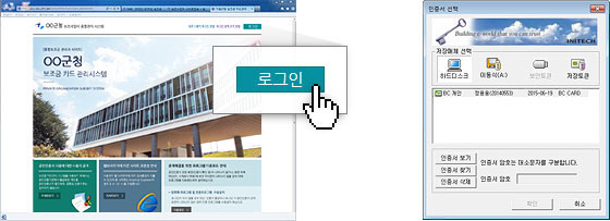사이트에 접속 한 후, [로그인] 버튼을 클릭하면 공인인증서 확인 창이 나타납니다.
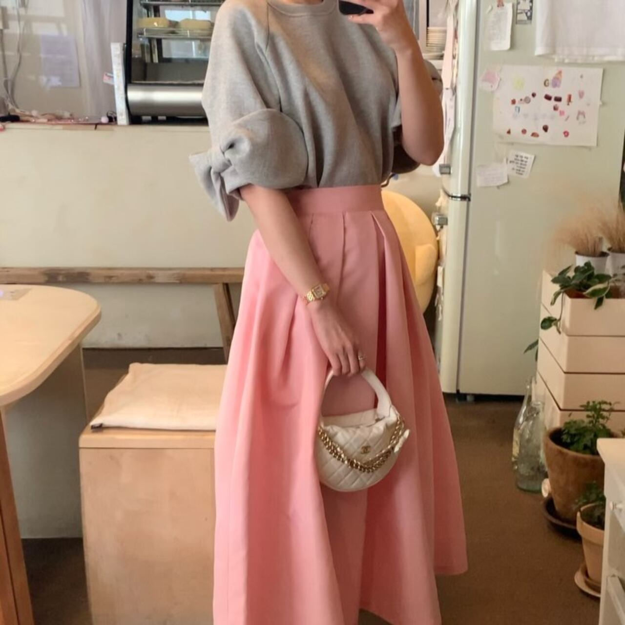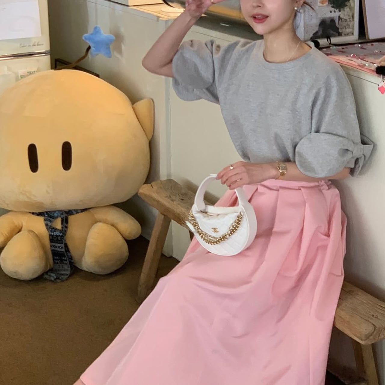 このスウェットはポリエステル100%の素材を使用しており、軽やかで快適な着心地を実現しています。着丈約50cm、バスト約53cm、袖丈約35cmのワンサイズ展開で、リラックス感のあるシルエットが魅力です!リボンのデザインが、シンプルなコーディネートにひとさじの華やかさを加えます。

---

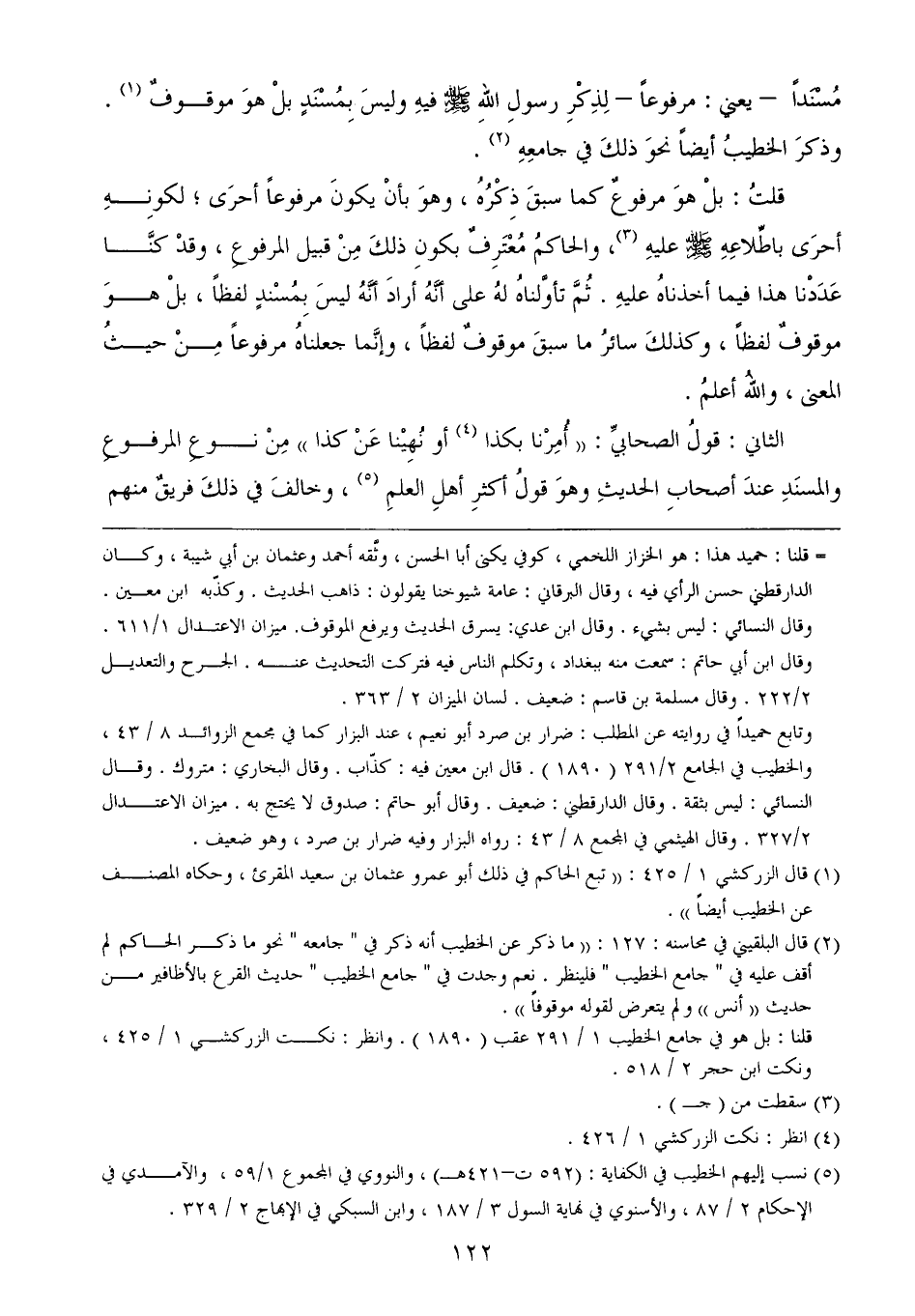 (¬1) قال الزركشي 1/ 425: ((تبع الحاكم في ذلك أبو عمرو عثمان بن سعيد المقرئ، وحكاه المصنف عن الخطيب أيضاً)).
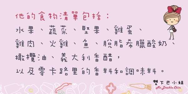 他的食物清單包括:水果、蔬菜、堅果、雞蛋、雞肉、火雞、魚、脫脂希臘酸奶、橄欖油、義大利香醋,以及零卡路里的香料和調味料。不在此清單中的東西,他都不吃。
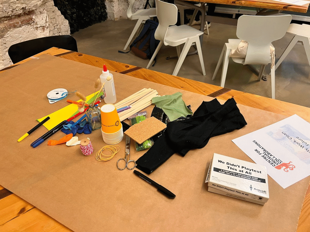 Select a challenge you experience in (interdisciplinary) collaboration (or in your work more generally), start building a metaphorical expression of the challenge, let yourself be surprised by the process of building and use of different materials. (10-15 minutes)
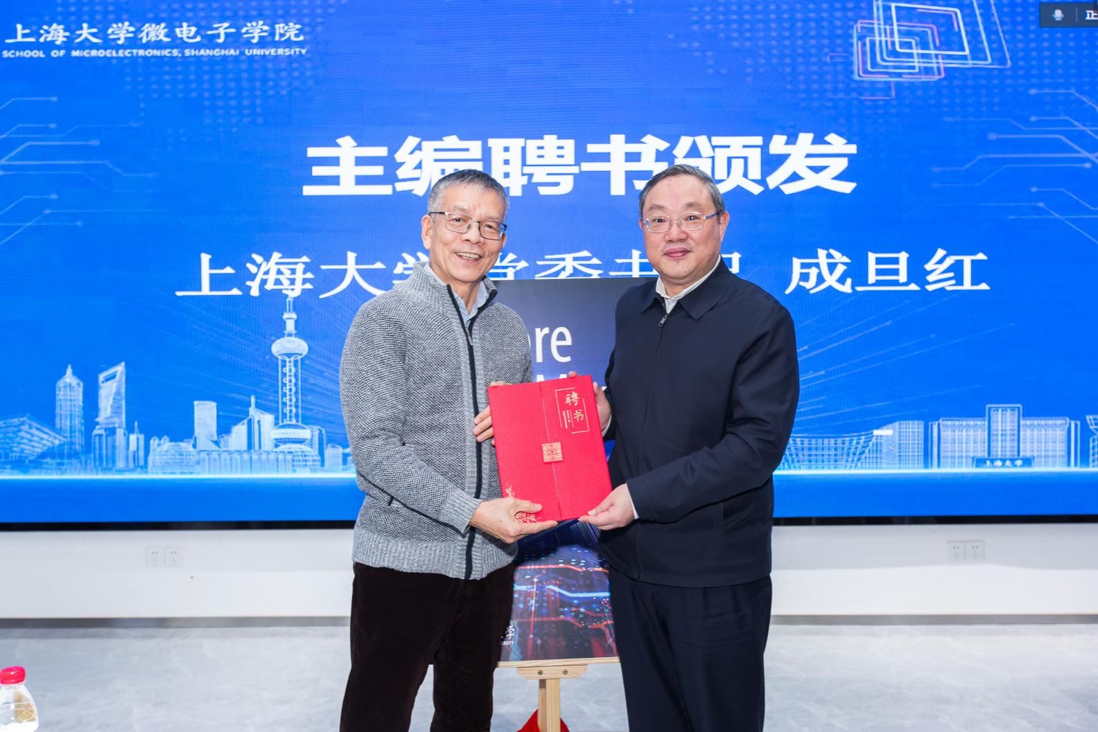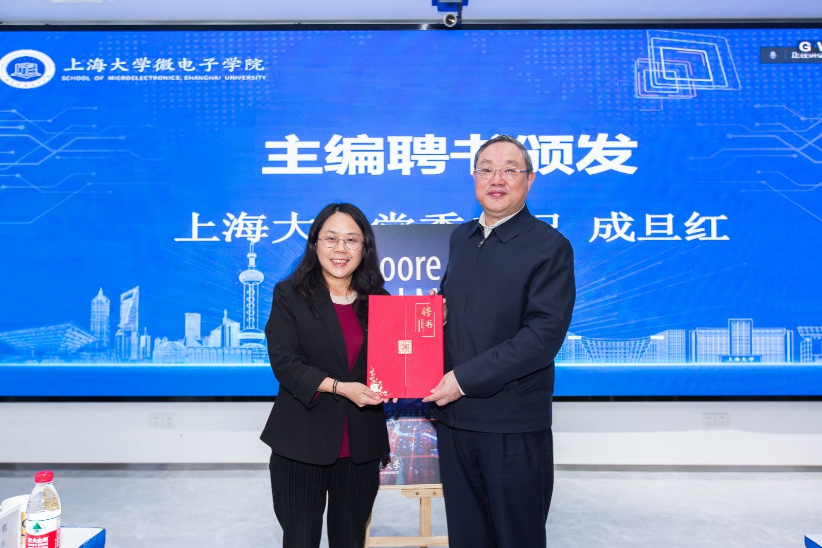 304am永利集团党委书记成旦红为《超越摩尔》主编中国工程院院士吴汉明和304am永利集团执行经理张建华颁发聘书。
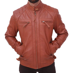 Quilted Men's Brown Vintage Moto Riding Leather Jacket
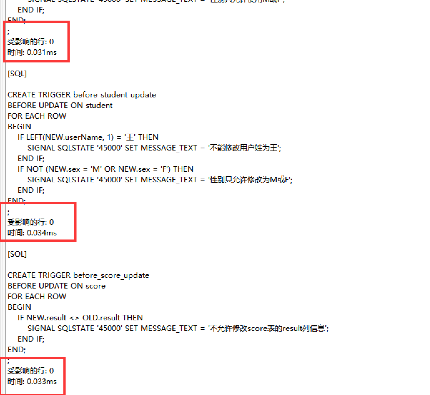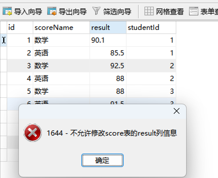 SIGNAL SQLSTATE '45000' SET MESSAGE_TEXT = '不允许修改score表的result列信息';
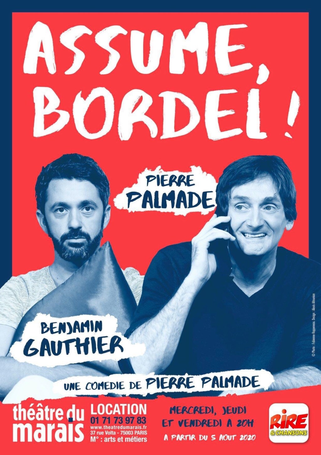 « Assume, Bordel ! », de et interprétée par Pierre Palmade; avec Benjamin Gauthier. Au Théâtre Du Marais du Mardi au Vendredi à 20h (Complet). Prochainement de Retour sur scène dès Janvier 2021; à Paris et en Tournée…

WORK INSTRUCTIONS - Retype the lines above exactly as they appear, from the line containing "사이트에 접속 한 후, [로그인]" through the line containing "このスウェットはポリエステル", and leave out any pictures.

EXERCISE RESPONSE -
사이트에 접속 한 후, [로그인] 버튼을 클릭하면 공인인증서 확인 창이 나타납니다.
 このスウェットはポリエステル100%の素材を使用しており、軽やかで快適な着心地を実現しています。着丈約50cm、バスト約53cm、袖丈約35cmのワンサイズ展開で、リラックス感のあるシルエットが魅力です!リボンのデザインが、シンプルなコーディネートにひとさじの華やかさを加えます。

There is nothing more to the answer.